The debate is this: on the one hand, computational functionalists argue that consciousness is the result of computational processes, which in humans happen to run on a biological substrate but could in principle run on computers. Biological naturalists argue that consciousness is specifically linked to biology and that merely simulating the biology won’t produce consciousness. An often-used example is that simulating rain on a computer doesn’t make anything wet.
It’s important to be clear that these are both hypotheses about the world, and we don’t yet have definitive evidence to prove either one. To my mind, though, many advocates of biological naturalism, including Anil, seem to be working backward from a desired conclusion rather than forward from observed facts.
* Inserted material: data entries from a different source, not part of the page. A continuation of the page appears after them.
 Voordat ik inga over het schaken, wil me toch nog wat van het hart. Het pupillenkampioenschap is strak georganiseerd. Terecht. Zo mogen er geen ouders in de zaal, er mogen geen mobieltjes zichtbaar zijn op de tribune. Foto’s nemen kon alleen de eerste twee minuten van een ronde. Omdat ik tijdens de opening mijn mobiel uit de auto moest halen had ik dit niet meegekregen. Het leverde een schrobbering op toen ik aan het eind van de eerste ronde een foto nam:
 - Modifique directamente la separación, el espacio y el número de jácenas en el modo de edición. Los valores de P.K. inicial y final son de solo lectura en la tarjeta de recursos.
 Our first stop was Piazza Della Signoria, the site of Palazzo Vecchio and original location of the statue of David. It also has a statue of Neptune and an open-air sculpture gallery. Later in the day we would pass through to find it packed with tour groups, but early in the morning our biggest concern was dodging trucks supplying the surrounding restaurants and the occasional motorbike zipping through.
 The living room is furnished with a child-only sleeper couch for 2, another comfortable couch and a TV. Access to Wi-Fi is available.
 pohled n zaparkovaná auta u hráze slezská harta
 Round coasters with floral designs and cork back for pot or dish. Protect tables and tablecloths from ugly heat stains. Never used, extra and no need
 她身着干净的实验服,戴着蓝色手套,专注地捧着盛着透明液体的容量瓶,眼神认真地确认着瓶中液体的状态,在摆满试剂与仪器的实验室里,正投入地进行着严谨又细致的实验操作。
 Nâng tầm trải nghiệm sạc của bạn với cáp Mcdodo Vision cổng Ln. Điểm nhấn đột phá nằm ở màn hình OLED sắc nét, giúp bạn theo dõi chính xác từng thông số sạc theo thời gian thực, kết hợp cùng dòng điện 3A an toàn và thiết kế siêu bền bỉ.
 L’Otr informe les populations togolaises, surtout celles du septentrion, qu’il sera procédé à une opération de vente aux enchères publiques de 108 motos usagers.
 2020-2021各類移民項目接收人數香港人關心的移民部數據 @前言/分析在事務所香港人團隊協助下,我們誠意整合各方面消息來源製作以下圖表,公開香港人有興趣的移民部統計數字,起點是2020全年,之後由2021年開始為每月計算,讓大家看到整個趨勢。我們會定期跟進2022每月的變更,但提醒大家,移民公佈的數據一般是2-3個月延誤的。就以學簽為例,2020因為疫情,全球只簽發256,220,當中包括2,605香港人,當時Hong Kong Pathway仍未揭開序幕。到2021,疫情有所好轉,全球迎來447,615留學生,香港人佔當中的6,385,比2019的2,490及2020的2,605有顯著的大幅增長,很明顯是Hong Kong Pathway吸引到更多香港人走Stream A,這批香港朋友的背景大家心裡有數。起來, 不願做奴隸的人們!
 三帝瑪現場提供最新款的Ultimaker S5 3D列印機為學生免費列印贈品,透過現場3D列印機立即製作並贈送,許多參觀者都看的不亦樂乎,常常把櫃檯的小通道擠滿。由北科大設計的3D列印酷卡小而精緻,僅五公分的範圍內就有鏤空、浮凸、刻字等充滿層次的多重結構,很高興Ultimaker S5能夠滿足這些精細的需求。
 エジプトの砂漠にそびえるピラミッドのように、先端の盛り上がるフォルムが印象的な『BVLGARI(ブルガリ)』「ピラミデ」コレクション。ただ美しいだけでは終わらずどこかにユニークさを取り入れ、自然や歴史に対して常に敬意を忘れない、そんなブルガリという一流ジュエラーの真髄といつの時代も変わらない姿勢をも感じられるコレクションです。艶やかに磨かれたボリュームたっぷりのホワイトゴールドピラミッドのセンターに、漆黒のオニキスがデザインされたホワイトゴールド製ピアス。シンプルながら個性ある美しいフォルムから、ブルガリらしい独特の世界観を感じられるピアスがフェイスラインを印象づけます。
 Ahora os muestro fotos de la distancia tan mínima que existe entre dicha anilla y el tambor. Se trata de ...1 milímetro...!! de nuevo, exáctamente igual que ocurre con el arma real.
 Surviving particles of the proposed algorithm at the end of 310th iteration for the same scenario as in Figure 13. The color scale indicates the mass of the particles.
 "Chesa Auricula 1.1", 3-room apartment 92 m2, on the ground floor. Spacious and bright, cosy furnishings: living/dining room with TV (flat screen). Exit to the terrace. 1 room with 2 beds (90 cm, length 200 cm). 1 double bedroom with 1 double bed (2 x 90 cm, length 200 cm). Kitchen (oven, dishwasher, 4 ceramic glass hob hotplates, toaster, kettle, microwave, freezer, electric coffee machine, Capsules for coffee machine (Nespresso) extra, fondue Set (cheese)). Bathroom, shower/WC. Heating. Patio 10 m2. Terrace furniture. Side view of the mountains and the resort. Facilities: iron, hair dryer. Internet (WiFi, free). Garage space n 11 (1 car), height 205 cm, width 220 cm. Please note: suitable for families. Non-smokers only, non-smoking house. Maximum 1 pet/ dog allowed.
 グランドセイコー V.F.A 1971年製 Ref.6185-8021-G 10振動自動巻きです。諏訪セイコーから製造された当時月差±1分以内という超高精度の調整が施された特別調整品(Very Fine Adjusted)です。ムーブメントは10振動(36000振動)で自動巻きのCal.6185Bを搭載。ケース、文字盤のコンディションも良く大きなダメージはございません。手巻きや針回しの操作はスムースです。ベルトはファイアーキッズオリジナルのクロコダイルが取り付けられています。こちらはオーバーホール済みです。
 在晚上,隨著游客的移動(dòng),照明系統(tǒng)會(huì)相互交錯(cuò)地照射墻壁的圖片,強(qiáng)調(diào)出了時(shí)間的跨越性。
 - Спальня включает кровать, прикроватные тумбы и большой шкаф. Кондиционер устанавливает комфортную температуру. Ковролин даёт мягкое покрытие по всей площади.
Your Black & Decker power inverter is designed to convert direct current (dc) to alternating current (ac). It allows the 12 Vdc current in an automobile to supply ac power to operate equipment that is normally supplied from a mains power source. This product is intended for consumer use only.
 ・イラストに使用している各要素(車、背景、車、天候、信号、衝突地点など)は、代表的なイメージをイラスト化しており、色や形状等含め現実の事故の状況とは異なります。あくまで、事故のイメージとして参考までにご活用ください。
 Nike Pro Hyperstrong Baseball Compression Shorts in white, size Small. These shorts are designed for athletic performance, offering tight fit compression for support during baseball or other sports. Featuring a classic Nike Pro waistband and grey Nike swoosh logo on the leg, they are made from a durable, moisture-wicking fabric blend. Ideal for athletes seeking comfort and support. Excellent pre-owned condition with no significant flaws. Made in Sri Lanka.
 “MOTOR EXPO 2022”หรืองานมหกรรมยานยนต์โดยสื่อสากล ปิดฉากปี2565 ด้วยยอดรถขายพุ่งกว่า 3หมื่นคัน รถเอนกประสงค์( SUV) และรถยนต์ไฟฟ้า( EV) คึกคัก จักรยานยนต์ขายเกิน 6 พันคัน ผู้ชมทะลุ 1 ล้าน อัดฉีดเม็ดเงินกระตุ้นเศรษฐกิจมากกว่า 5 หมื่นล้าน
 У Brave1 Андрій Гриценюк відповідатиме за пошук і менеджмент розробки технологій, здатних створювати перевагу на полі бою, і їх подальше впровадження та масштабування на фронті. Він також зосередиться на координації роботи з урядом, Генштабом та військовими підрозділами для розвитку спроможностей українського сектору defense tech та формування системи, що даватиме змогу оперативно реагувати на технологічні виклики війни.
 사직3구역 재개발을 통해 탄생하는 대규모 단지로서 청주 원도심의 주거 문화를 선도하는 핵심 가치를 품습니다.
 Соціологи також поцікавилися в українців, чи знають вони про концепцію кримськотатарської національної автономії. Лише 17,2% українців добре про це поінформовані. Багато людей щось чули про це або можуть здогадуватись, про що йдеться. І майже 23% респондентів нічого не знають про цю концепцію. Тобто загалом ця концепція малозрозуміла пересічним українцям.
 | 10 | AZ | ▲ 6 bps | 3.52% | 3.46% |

His theory that consciousness might result from autopoiesis seems to answer the question “assuming biological naturalism is true, what is a plausible mechanism for it,” rather than “do we observe anything about consciousness that cannot be explained without autopoiesis?”
Regardless, it’s a very interesting interview and Anil has thoughtful ideas about consciousness, intelligence, and computational functionalism.
Technical
How sparse attention is solving AI’s memory bottleneck
For many tasks, LLMs are substantially constrained by the size of their context windows. One of the most important tips for using Claude Code, for example, is to avoid letting the context window fill up: performance degrades substantially as it fills up, even before it’s completely full.
That’s a hard problem to solve: the nature of the transformer architecture is that every token in the context window attends to every other token, so the cost of running a model rises quadratically with the size of the context window. There are no magic solutions, but TechTalks reviews some of the most promising technical approaches.